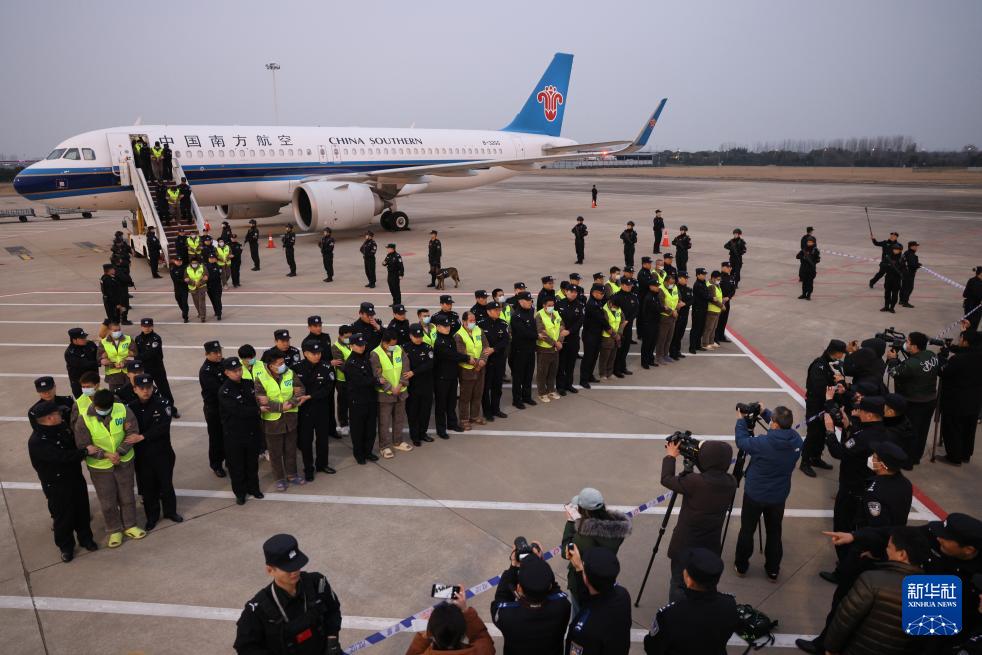2月20日,隨著中國民航包機(jī)降落在江蘇南京祿口國際機(jī)場,緬甸妙瓦底地區(qū)的200名中國籍涉詐犯罪嫌疑人,經(jīng)泰國被我公安機(jī)關(guān)押解回國。此次行動(dòng)是中緬泰開展執(zhí)法合作取得的標(biāo)志性重大戰(zhàn)果,彰顯三國聯(lián)合打擊電信網(wǎng)絡(luò)詐騙等跨國犯罪維護(hù)地區(qū)安全穩(wěn)定的堅(jiān)定決心。新華社記者 殷剛 攝
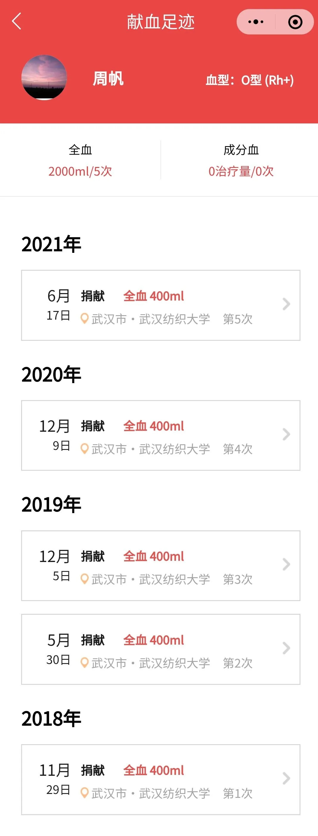 2021年初,家乡社区疫情防控需要人手,周帆协助社区开展防疫宣传,一干就是15天,每天走遍12个村社的角角落落,一路上虽然寒风凛冽,但心却是火热的。“能为社会贡献力量是我的荣幸”,周帆是这样说的,也是这样做的,大学期间,他每个学期献血一次400ml,至今已达2400ml。周帆表示,“我的血液能为别人化险为夷、带去希望,十分值得”。
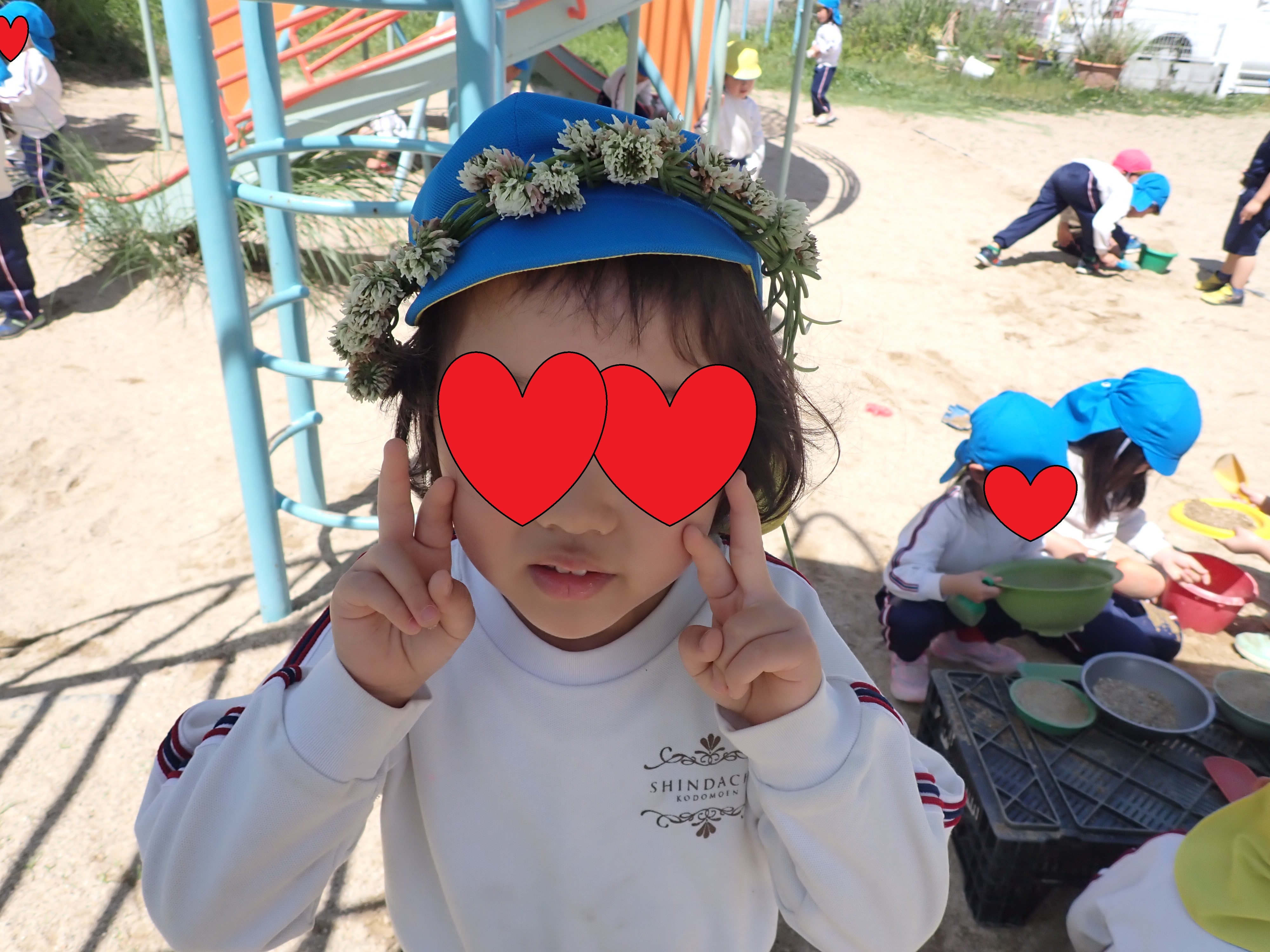 KAちゃんは砂場に落ちていた花冠を見つけて嬉しそうに見せに来てくれました(^O^)/
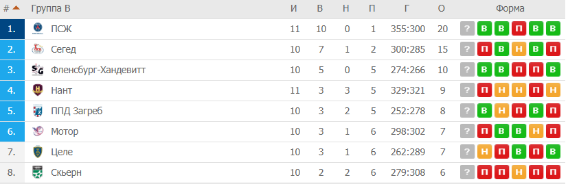 «Мотор» после 10-ти сыгранных матчей занимает 6-место в турнирной таблице и сохраняет шансы на выход в следующий этап. «Фленсбург» идет третьим, имея в активе 50 процентов набранных очков.
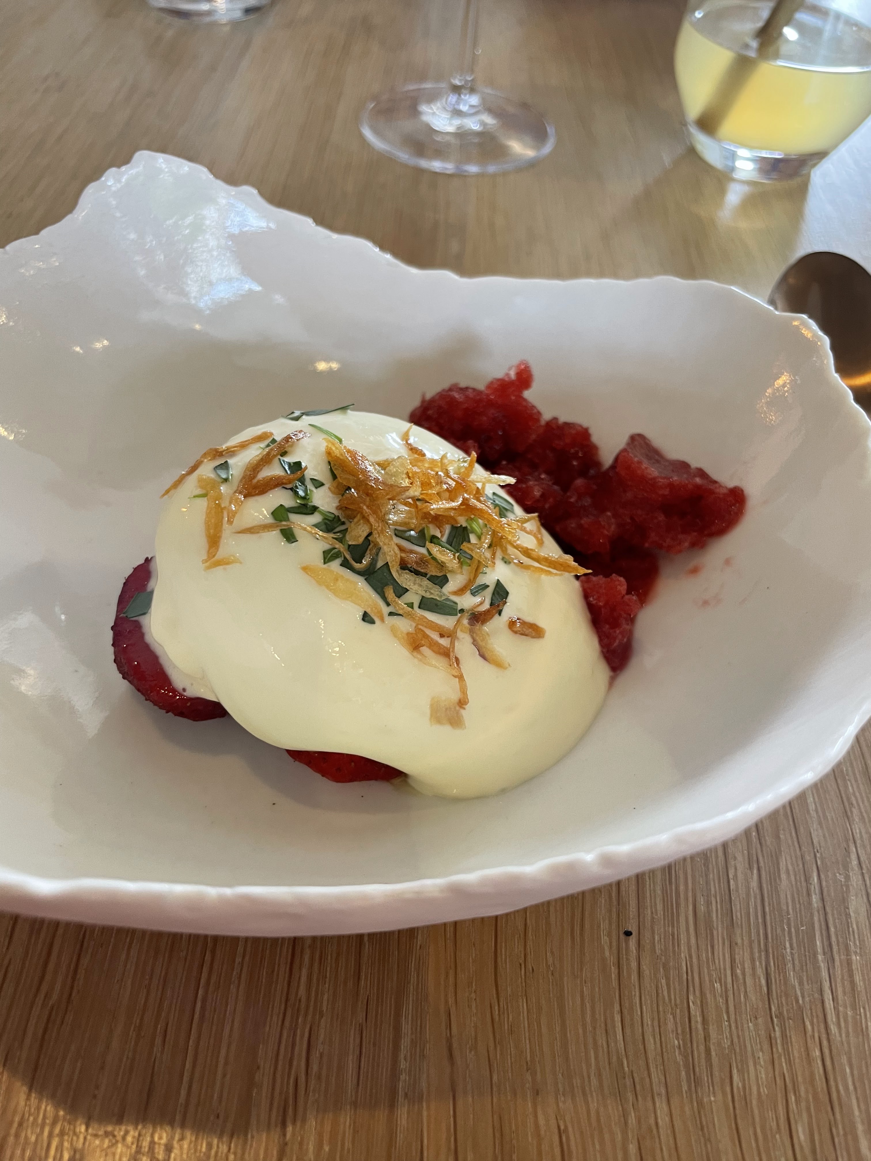 Une délicieuse expérience culinaire, de doux mélanges de saveurs, c'était aussi beau que bon ! Chaque personne de la jeune et dynamique équipe est passionnée par son travail. Étant végétarienne elles se sont adaptées à ma demande. Le cadre est magnifique... Bref, tout était parfait 👌🏼

■ WORK REQUIRED:
Leave out the pictures. Transcribe only the lines above, from the first through the one that contains "KAちゃんは砂場に落ちていた".

■ COMPLETED TASK:
2月20日,隨著中國民航包機(jī)降落在江蘇南京祿口國際機(jī)場,緬甸妙瓦底地區(qū)的200名中國籍涉詐犯罪嫌疑人,經(jīng)泰國被我公安機(jī)關(guān)押解回國。此次行動(dòng)是中緬泰開展執(zhí)法合作取得的標(biāo)志性重大戰(zhàn)果,彰顯三國聯(lián)合打擊電信網(wǎng)絡(luò)詐騙等跨國犯罪維護(hù)地區(qū)安全穩(wěn)定的堅(jiān)定決心。新華社記者 殷剛 攝
 2021年初,家乡社区疫情防控需要人手,周帆协助社区开展防疫宣传,一干就是15天,每天走遍12个村社的角角落落,一路上虽然寒风凛冽,但心却是火热的。“能为社会贡献力量是我的荣幸”,周帆是这样说的,也是这样做的,大学期间,他每个学期献血一次400ml,至今已达2400ml。周帆表示,“我的血液能为别人化险为夷、带去希望,十分值得”。
 KAちゃんは砂場に落ちていた花冠を見つけて嬉しそうに見せに来てくれました(^O^)/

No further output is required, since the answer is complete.